The CPU 162 of the sheet processing apparatus 50 is connected to the execution button. 55, sensor IF circuits 71, 72, and 73, and motor driving circuits 74, 75, and 76. The CPU 162 controls the components of the sheet processing apparatus 50 via the above circuits. When the sheet processing apparatus 50 shifts to the power saving mode, the CPU 162 controls the stapler 51 to move to the position M.
The sheet detection sensor 56 detects the presence or absence of a sheet in the sheet alignment unit 57 and notifies the CPU 162 of the detection result via the sensor IF circuit 72. The sheet detection sensor 54 detects the presence or absence of a sheet in the sheet insertion opening 53 and notifies the CPU 162 of the detection result via the sensor IF circuit 71. The stapler position detection sensor 165 is provided at a position opposite to the movement path 101 of the stapler 51 (see
The stapler motor 163 is provided in the stapler 51 and driven by the motor driving circuit 75 for driving the stapler 51. Consequently, the stapler 51 executes a stapling process on a sheet. The stapler movement motor 164 is driven by the motor driving circuit 74 for moving the stapler 51 to any position as described above. The position of the stapler 51 is controlled by the CPU 162 based on the result of detection by the stapler position detection sensor 165.
A stapler motor 166 is provided in the stapler 52 and driven by the motor driving circuit 76 for driving the stapler 52. Consequently, the stapler 52 executes a stapleless stapling process on a sheet. When the execution button. 55 is pressed by the user, the execution button 55 transmits a signal corresponding to the pressing to the CPU 162. Further, lighting up or blinking of the LED provided in the execution button 55 is controlled by the CPU 162.
In step S501, the CPU 162 determines whether the sheet detection sensor 54 detects a sheet. In a case where it is determined that the sheet detection sensor 54 detects a sheet (YES in step S501), the processing proceeds to step S502. In a case where it is determined that the sheet detection sensor 54 does not detect a sheet (NO in step S501), the CPU 162 waits until the sheet detection sensor 54 detects a sheet.

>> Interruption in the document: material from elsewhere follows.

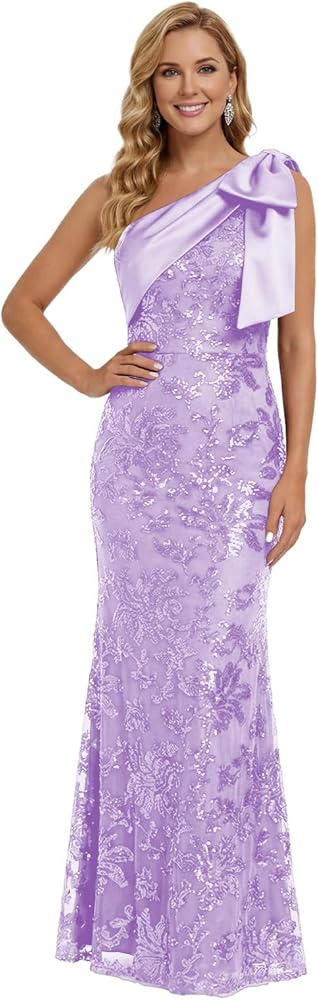 فساتين أم العروس بالترتر من SNOWROSE للنساء بكتف واحد طويل لحفلات الزفاف الرسمية مع فيونكة in Kuwait

In step S502, the CPU 162 turns on the offline mode. When the offline mode is turned on, the printing of an image by the printing apparatus 1 is restricted. In step S503, the CPU 162 causes the LED of the execution button 55 to light up. This enables the user to know that the execution button 55 can be pressed (an instruction to execute sheet processing can be given). Until the process of step S503 is performed, the pressing of the execution button 55 is not detected, and therefore, a stapling process is not executed even if the execution button 55 is pressed. In step S504, the CPU 162 starts a timer provided in the sheet processing apparatus 50.

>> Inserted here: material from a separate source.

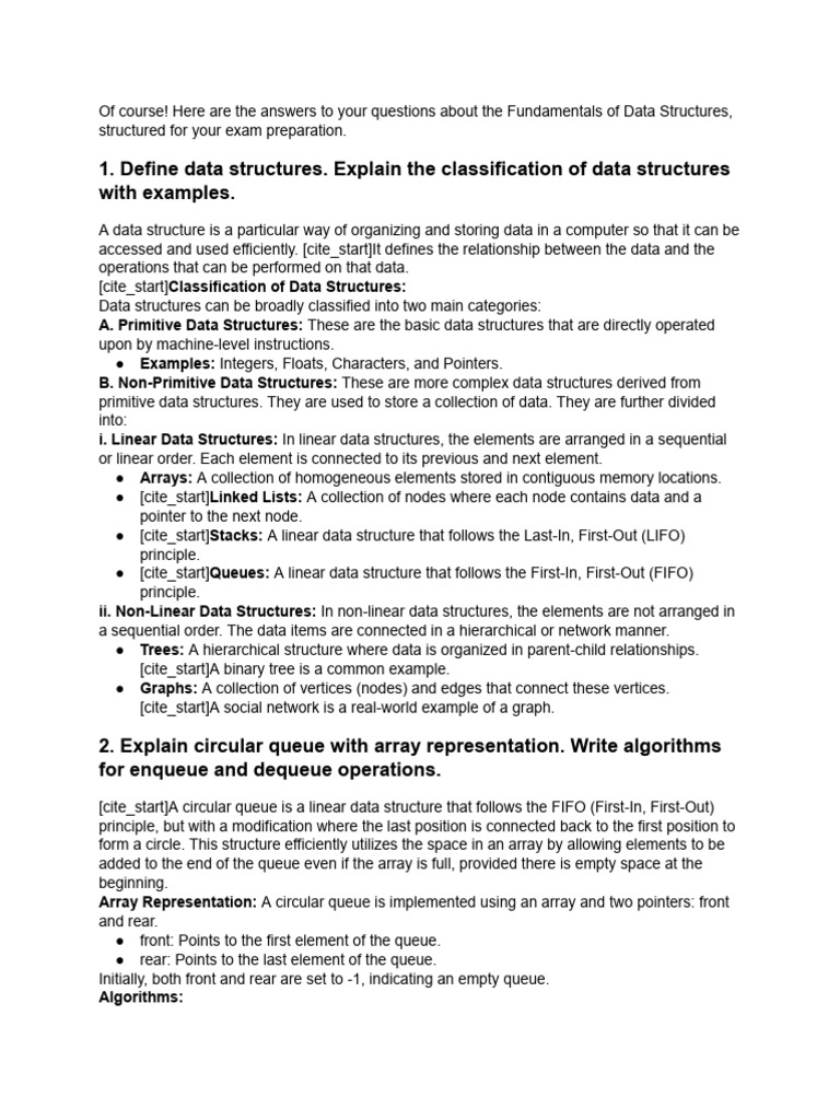 Here are the answers to your questions about the Fundamentals of Data Structures,

In step S505, the CPU 162 determines whether the execution button 55 is pressed. In a case where it is determined that the execution button 55 is pressed (YES in step S505), the processing proceeds to step S508 in a case where it is determined that the execution button 55 is not pressed (NO in step S505), the processing proceeds to step S506. In step S506, the CPU 162 determines whether an elapsed time measured by the timer started in step S504 reaches a predetermined time T1. In a case where it is determined that the elapsed time reaches the predetermined time T1 (YES in step S506), the processing proceeds to step S508. In a case where it is determined that the elapsed time does not reach the predetermined time T1 (NO in step S506), the processing proceeds to step S507. It is assumed that the predetermined time T1 is 3 seconds. Alternatively, the predetermined time T1 may have another length, or may be able to be variably set by the user.

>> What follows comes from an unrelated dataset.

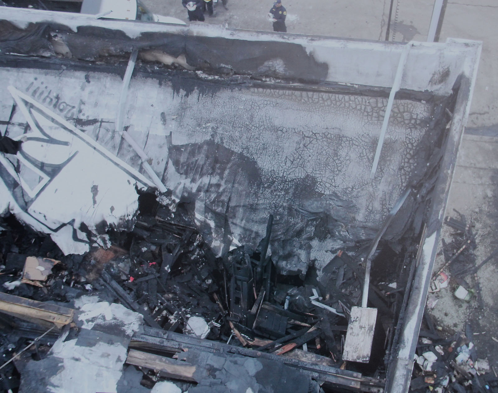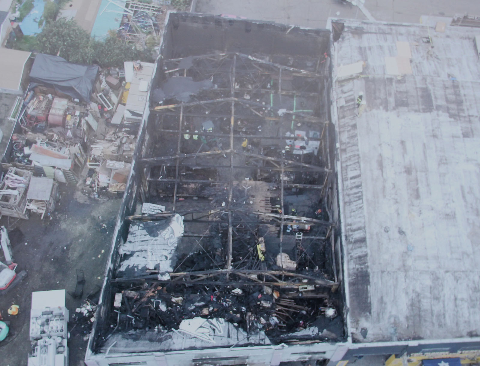 - Aerial view of warehouse after fire. Original image courtesy of the Oakland Police Department.

In step S507, the CPU 162 determines whether the sheet detection sensor 54 detects a sheet. In a case where it is determined that the sheet detection sensor 54 detects a sheet (YES in step S507), the processing returns to step S505. In a case where it is determined that the sheet detection sensor 54 does not detect a sheet (NO in step S507), the processing returns to step S501. When the processing returns to step S501, the LED of the execution button 55 goes out, the offline mode is turned off, and the printing restriction is lifted.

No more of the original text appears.